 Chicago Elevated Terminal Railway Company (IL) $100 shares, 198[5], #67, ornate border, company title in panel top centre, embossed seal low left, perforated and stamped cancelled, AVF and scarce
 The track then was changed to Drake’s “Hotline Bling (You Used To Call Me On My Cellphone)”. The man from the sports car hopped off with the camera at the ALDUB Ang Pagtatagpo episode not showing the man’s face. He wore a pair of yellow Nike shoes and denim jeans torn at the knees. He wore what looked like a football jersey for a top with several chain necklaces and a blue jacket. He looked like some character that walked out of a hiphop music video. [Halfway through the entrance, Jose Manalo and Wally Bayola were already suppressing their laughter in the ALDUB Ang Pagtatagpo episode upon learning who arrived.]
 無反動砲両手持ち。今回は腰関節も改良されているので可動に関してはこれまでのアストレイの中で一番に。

* * *

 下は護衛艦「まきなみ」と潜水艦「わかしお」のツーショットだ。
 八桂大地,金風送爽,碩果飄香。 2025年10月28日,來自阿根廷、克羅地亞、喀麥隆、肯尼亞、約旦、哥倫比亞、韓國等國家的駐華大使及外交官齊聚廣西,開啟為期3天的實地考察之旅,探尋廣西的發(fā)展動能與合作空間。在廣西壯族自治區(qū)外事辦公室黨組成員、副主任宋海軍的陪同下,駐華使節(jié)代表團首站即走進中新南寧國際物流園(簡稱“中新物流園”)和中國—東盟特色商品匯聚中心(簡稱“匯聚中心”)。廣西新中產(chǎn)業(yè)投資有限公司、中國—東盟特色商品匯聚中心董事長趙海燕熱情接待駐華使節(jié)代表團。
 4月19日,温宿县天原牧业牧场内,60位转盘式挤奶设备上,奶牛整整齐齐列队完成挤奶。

PROBLEM DESCRIPTION
Repeat exactly the lines of the listing above, from the one with "The track then" down to the one with "無反動砲両手持ち。今回は腰関"; both of those lines belong in the range.

YOUR RESPONSE
 The track then was changed to Drake’s “Hotline Bling (You Used To Call Me On My Cellphone)”. The man from the sports car hopped off with the camera at the ALDUB Ang Pagtatagpo episode not showing the man’s face. He wore a pair of yellow Nike shoes and denim jeans torn at the knees. He wore what looked like a football jersey for a top with several chain necklaces and a blue jacket. He looked like some character that walked out of a hiphop music video. [Halfway through the entrance, Jose Manalo and Wally Bayola were already suppressing their laughter in the ALDUB Ang Pagtatagpo episode upon learning who arrived.]
 無反動砲両手持ち。今回は腰関節も改良されているので可動に関してはこれまでのアストレイの中で一番に。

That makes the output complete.